Recorded information:
------------------------------------
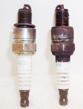 หัวเทียนสภาพปกติ (ซ้าย) และหัวเทียนสภาพไม่ปกติ (ขวา)
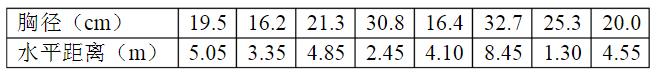 用断面积系数为4的角规对某待测林分(坡度忽略不计)进行控制检尺,绕侧一周后,测得观测特征值不为零的各树木胸径以及树干中心至角规点的水平距离如下表,试求该林分的断面积和蓄积量?为方便起见,设各树树干材积均按V=0.0004D
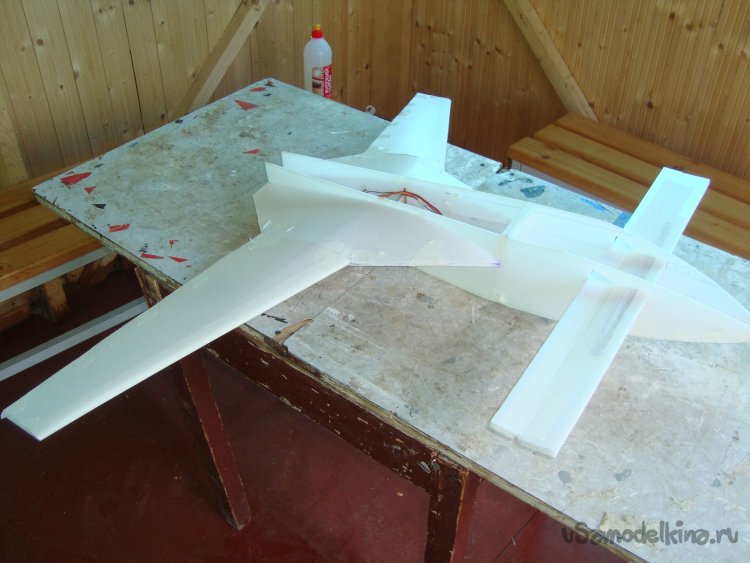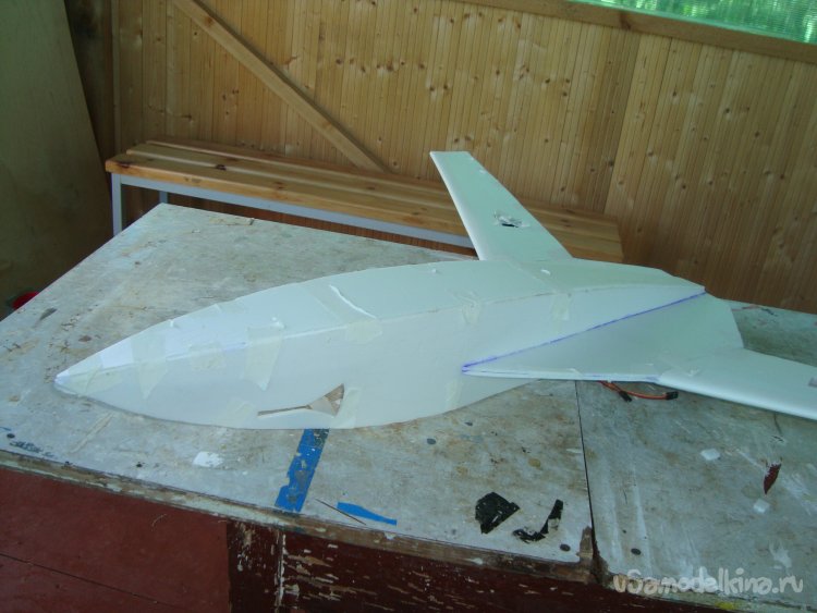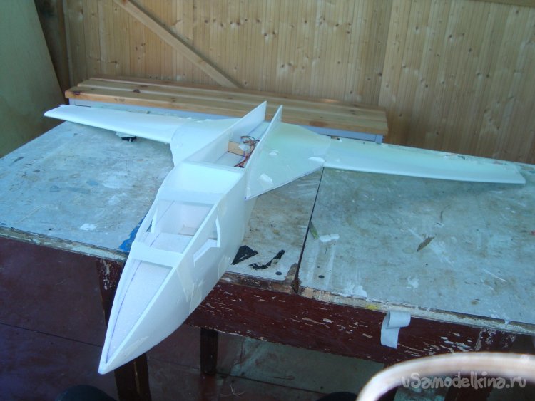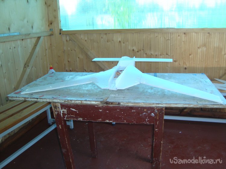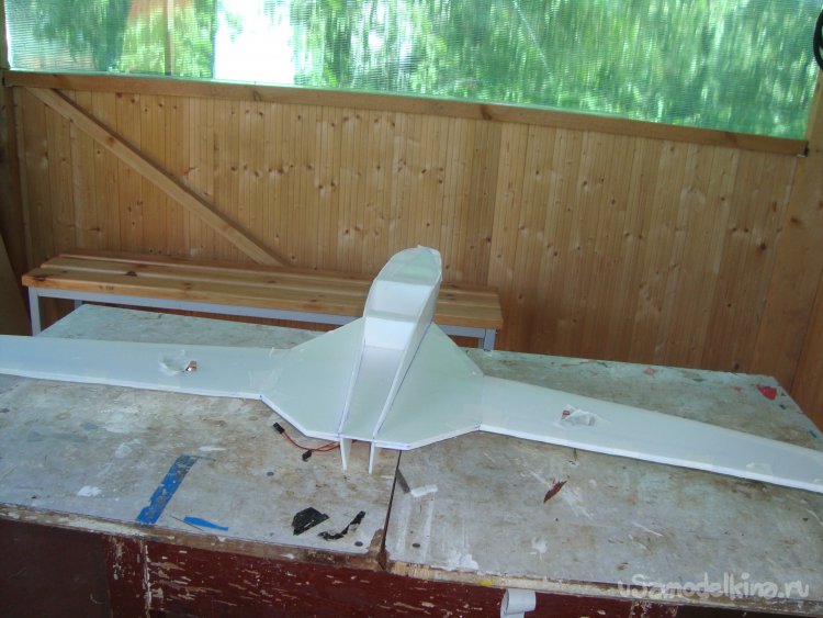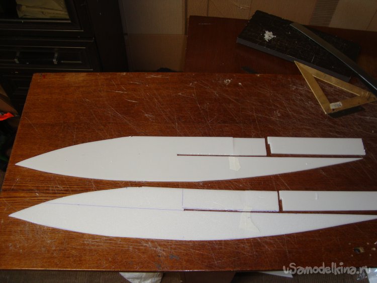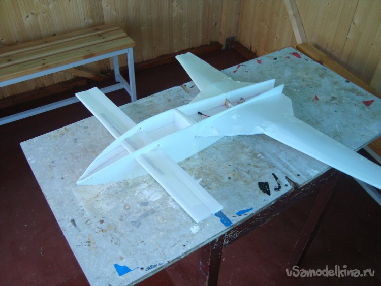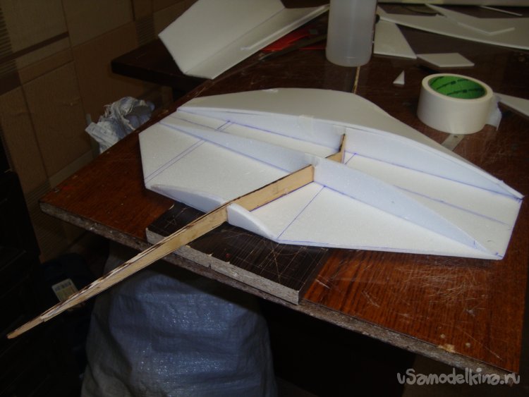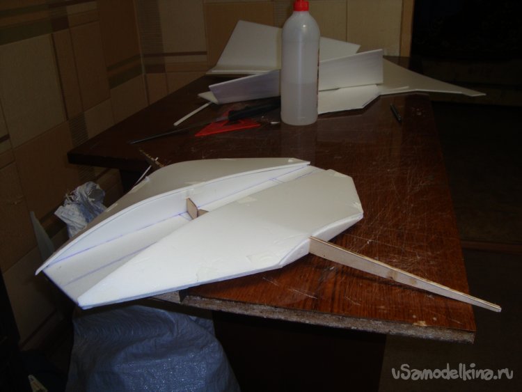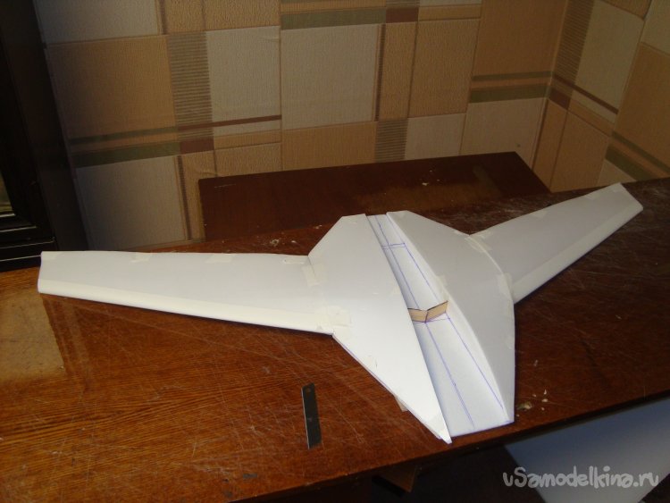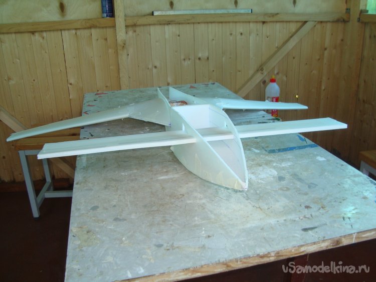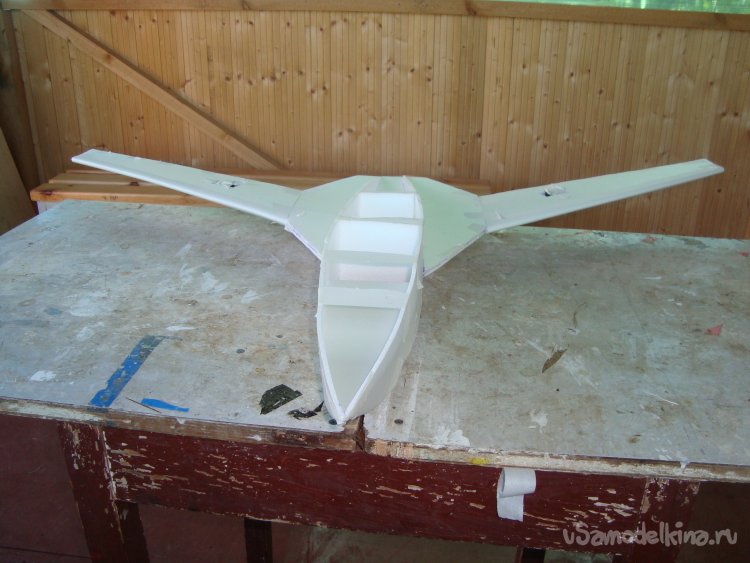 Прорезал места , куда будет монтироваться центральная секция крыла и отверстие для руля высоты.
------------------------------------
Try it: Set the listing down verbatim, excluding pictures.

Your solution:
 หัวเทียนสภาพปกติ (ซ้าย) และหัวเทียนสภาพไม่ปกติ (ขวา)
 用断面积系数为4的角规对某待测林分(坡度忽略不计)进行控制检尺,绕侧一周后,测得观测特征值不为零的各树木胸径以及树干中心至角规点的水平距离如下表,试求该林分的断面积和蓄积量?为方便起见,设各树树干材积均按V=0.0004D
 Прорезал места , куда будет монтироваться центральная секция крыла и отверстие для руля высоты.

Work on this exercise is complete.